Handling, Storage, and Precautions: the solution of LiPdCl3 in acetonitrile is usually used immediately after preparation. No data are available for the toxicity of this compound.

Arylation and Alkylation of Alkenes with Organomercurials.

Organomercury compounds react with LiPdCl3 (see also Dilithium Tetrachloropalladate(II)) to give organopalladium compounds that undergo the alkene insertion-elimination process to give aryl(alkenyl)-substituted alkenes (eq 1).1 This reaction is sometimes called the Heck reaction.
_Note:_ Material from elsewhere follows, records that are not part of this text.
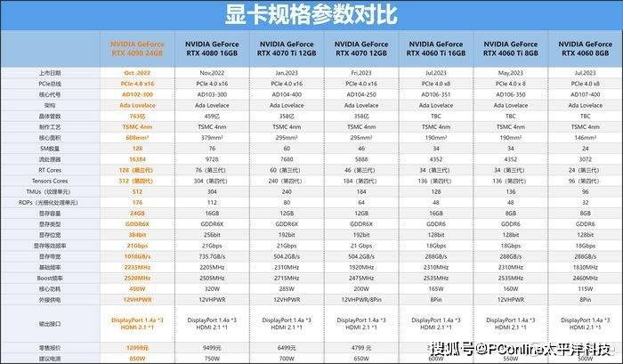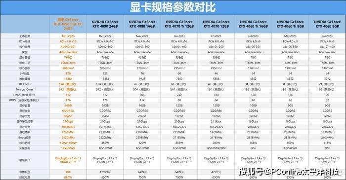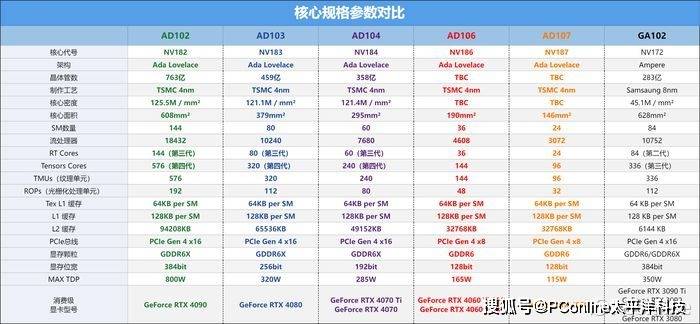 大家带着几个关键字来看上面的【显卡规格参数对比】表格,就可以更容易读懂上述表格了。最新一代的桌面显卡GeForce RTX 40系列均采用全新的Ada Lovelace架构核心, GeForce RTX 4090的核心是 AD102,目前Ada Lovelace架构核心中最为强大的,具有760亿个晶体管、16384个CUDA核心和24 GB高速美光GDDR6X显存。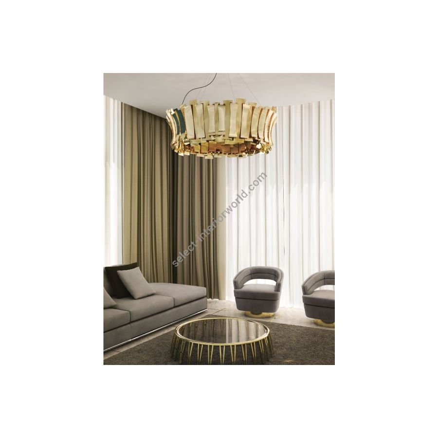 Inspired by the feminine glow cast by one of the greatest jazz singers of all times, DelightFULL has created Etta round suspension. It is a sophisticated and very functional chandelier lighting design suited for the most luxurious settings you can think of. It is handmade in brass, with the additional unique feature of each one of its leaves being shaped and assembled by hand. The gold brushed standard finish gives this brass chandelier a true sense of luxury. Seeing as this is a bespoke lighting design, every feature can be altered to meet your expectations and requests. Etta is the perfect chandelier lighting for a luxurious lobby at a five-star hotel, but it also looks amazing in a grand dining hall.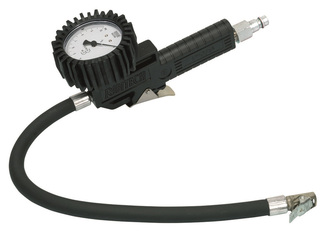Pistolet de gonflage équipé d'un manomètre indicateur de pression avec graduation de 0-10 bars et d'un couvercle de protection en caoutchouc.
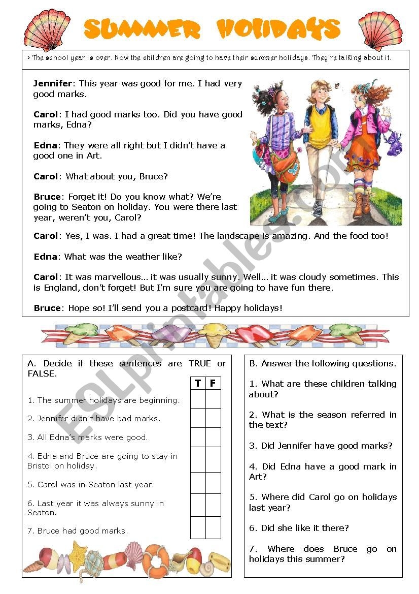 Summer Holidays reading Comprehension ESL Worksheet By Sarasantos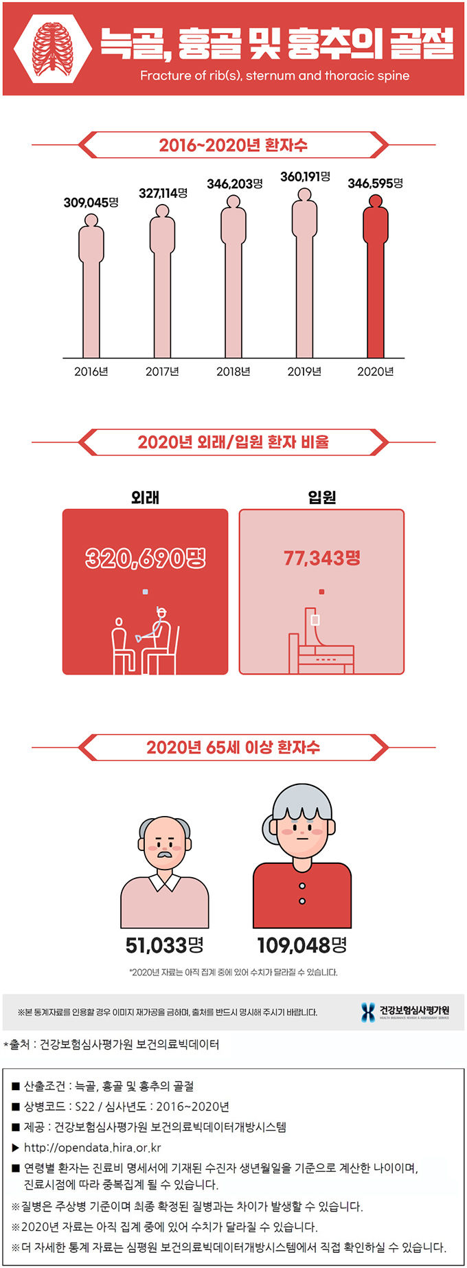 건강보험심사평가원의 통계에 따르면 2020년 늑골, 흉골 및 흉추의 골절로 병원을 찾은 수진자 중 19.4%가 입원하는 것으로 나타났습니다. 늑골, 흉골 및 흉추의 골절 환자 중 65세 이상 고령층이 45.4%를 차지했으며, 전체 연령층에서의 성별 간 차이는 적었지만 65세 이상 인구에서는 여성이 남성보다 2배 이상 많았습니다.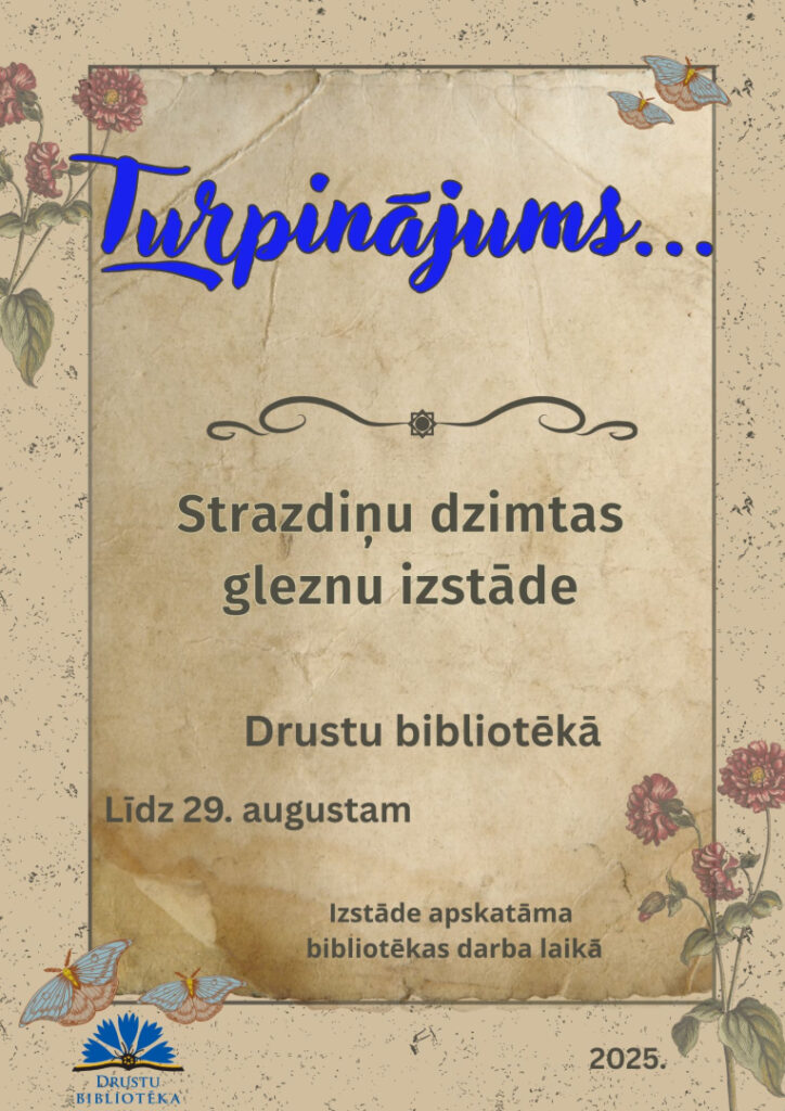 No 1. augusta līdz 29. augustam Drustu bibliotēkā apskatāma Strazdiņu dzimtas – Miķeļa, Viktora un Līgas gleznu izstāde. Tā ir ne tikai gleznu izstāde, bet arī stāsts par dzimtu!

Palladium is readily reoxidized under the reaction conditions by mercury(II) salts (or Copper(II) Chloride) and thus only catalytic amounts are required.1,3,4,9 Practically any arylmercury(II) salt will function as an arylating agent in this reaction. In general, strong electron-donating groups (p-methoxy, o-hydroxy, p-diethylamino) decrease the yields, while good coordinating groups, for example amino groups, retard or even completely stop the reaction because they form stable, unreactive complexes with palladium.1 The rates of reaction and the regioselectivity depend on both steric and electronic factors.1,2 The less sterically hindered the alkene, the greater the rate, and the new C-C bond is formed at the least sterically hindered or at the most electron-deficient carbon atom. The regioselectivity is highest when a strong electron-withdrawing group such as CN, CO2Me, or Ph is attached to the double bond and therefore styrene, acrylonitrile, acrolein, and methyl acrylate are the most useful alkenes in the Heck reaction.1-9 Quinones can be also used as substrates for arylation.11 Several interesting examples of heterocyclic mercury salts have been used as arylation agents, including porphyrins,5,12 substituted pyrroles,8 and sydnones.7 Utilization of vinyl mercurials gives conjugated dienes.3,4

Heteroannulation.

A variety of oxygen- and nitrogen-containing heterocycles can be prepared from p-allylpalladium compounds bearing carboxylic acid,14,15 phenol,14,16 alcohol,14 amide,14 and amino13 functionality. Addition of base liberates an oxygen or nitrogen nucleophile that displaces the palladium with the formation of the carbon-heteroatom bond. Usually these p-allylpalladium compounds are prepared in situ by reaction of alkenes or dienes, as well as vinylcyclopropanes, with organomercurials and LiPdCl3. Functional groups necessary for further cyclization can be attached either to the organomercurial (eq 2)14,16 or the alkene (eq 3).15 The shortcoming of this procedure is the need to use equal amounts of the palladium salt and organomercurial.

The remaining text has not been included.